Massive unpaid dues by big corporations also continue to be handled with kid gloves and taxpayers’ money. As the Right to Food Campaign observes, the government continues to use public money to safeguard the interests of big business by bailing out banks that have huge non-performing assets. The finance minister said government has provided Rs 10,000 crore for the recapitalisation of banks and has also raised the allowable provision for non-performing assets from 7.5% to 8.5% “in order to give a boost to the banking sector.” For corporate tax as well, there have been concessions with a reduction of tax rate to 25% for 96% of companies.
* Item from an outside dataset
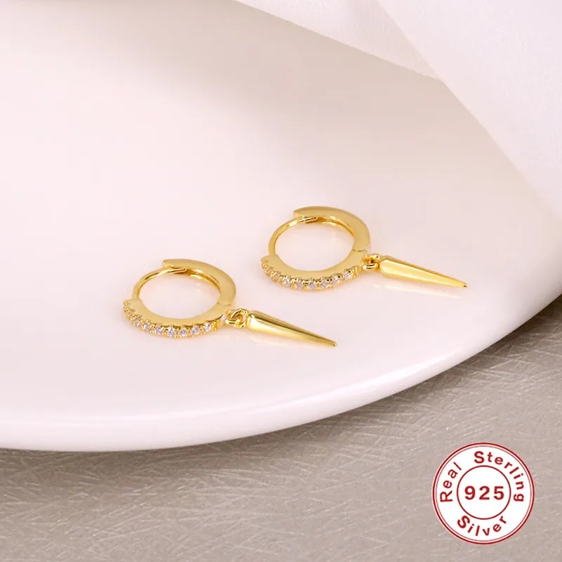 Настоящие 925 серебряные серьги для женщин, золотые серьги с шипами для девушек, серьги для пирсинга в ушах, женские циркониевые геометрические серьги K5
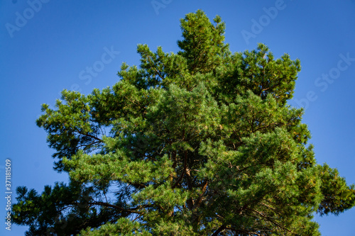 Pine Pinus silvestris against blue autumn sky. Evergreen landscaped garden. Sunny day in autumn garden. North Caucasus nature concept for design.

A truly redistributive budget would require the government to marshal the courage to tax the country’s super-rich higher, more resolutely and more transparently, with an inheritance tax or higher corporate and wealth taxes. The government would also have to reduce significantly the many tax exemptions and subsidies to the rich, instead of offering them sky-high tax concessions.
The influential French economist Thomas Pickety made a strong economic and moral case for an inheritance tax, but there is little chance of this becoming a reality in India in the foreseeable future. There are also no signs on reviving the wealth tax.
As I have observed elsewhere, I am anguished by the newest Budget of the Modi government, but not surprised. Even with its back to the wall, I do not expect this government to muster the moral and political resolve required to undertake large redistributive expenditures for India’s poor masses. To do so would run entirely against its ideological grain.